Consider $P(x,y)$ a homogenous polynomial of degree $3$ in two variables (a binary cubic). To it we associate first the $2\times 2$ matrix
$$\frac{1}{2}\operatorname{Hess}(P) = \frac{1}{2}\cdot\left( \begin{matrix} \frac{\partial^2 P}{\partial x^2} & \frac{\partial^2 P}{\partial x \partial y } \\ \frac{\partial^2 P}{\partial y \partial x } & \frac{\partial^2 P}{\partial y^2 } \end{matrix} \right)$$ with entries linear forms in $x$, $y$, and then
$$D = \det (\frac{1}{2}\operatorname{Hess}(P))= (x, y) \cdot M \cdot (x,y)^t$$ a quadratic form in $x$, $y$, where $M$ is a uniquely defined symmetric matrix (with constant entries). The matrix $$N \colon = \left( \begin{matrix} 0 & -1\\ 1 & 0 \end{matrix} \right)\cdot M $$
is a matrix of trace $0$ (since $M$ is symmetric). Let also $\Delta$ be the discriminant of the binary form $P(x,y)$ ( which equals the discriminant of the polynomial $P(x,1)$)
Show that the $2\times 2 $ matrix
$$T = -\frac{1}{2} I_2 + \frac{N}{\sqrt{\Delta}}$$
is a transformation of order $3$ invariating $P$, that is
$$P(T\cdot \left ( \begin{matrix} x \\ y \end{matrix} \right)) = P(\left ( \begin{matrix} x \\ y \end{matrix} \right))$$
Notes:
The discriminant $\Delta$ of $P$ can also be defined by the equality $N^2 = -\frac{3}{4} \Delta \cdot I_2$ so indeed $T$ is of order $3$ (with characteristic polynomial $\lambda^2 + \lambda + 1$)
Notice that $T^2 = - \frac{1}{2} I_2 - \frac{N}{\sqrt{\Delta}}$, so we can choose any determination of the square root $\sqrt{\Delta}$.
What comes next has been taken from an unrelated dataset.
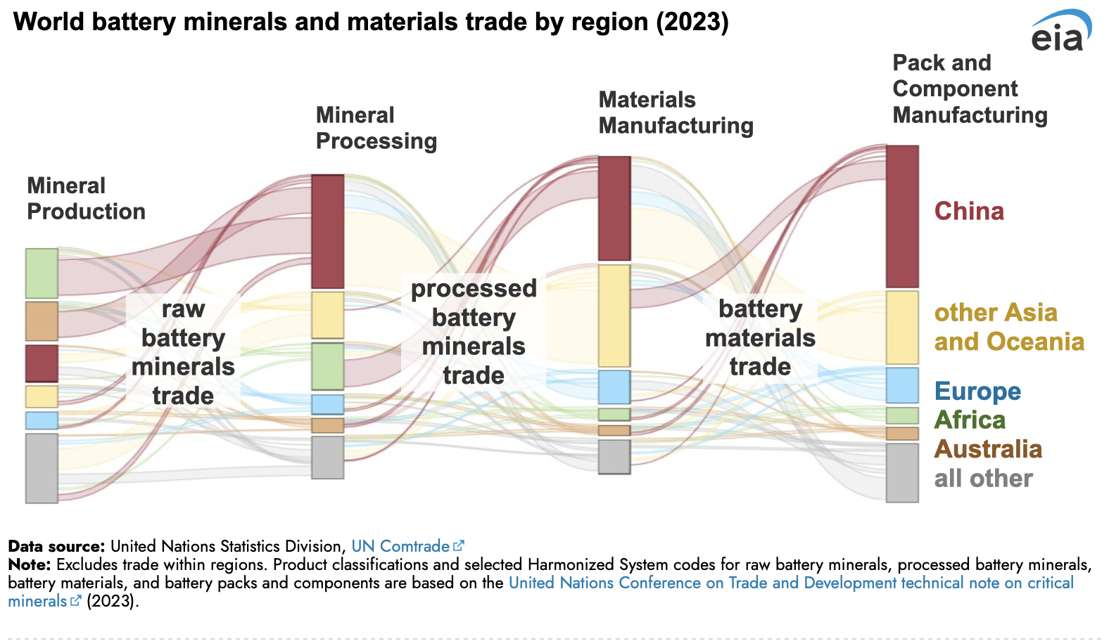 China tiene un papel importante en cada etapa de la cadena global de suministro de baterías y domina el comercio interregional de minerales. China importó casi 12 millones de toneladas cortas de minerales de batería crudos y procesados, lo que representa el 44 % del comercio interregional, y exportó casi 11 millones de toneladas cortas de materiales, paquetes y componentes de batería, o el 58 % del comercio interregional en 2023, según los datos regionales de la Comisión de la ONU.

We get the expression of the roots of the cubic in terms of one root. That is, if $x$ a root, then $T \cdot x$, $T^2 \cdot x$ are the other two roots, where $T$ is seen as a homographic transformation
Related to this question
Probably a classical result, so provided as a reference.
Any feedback would be appreciated!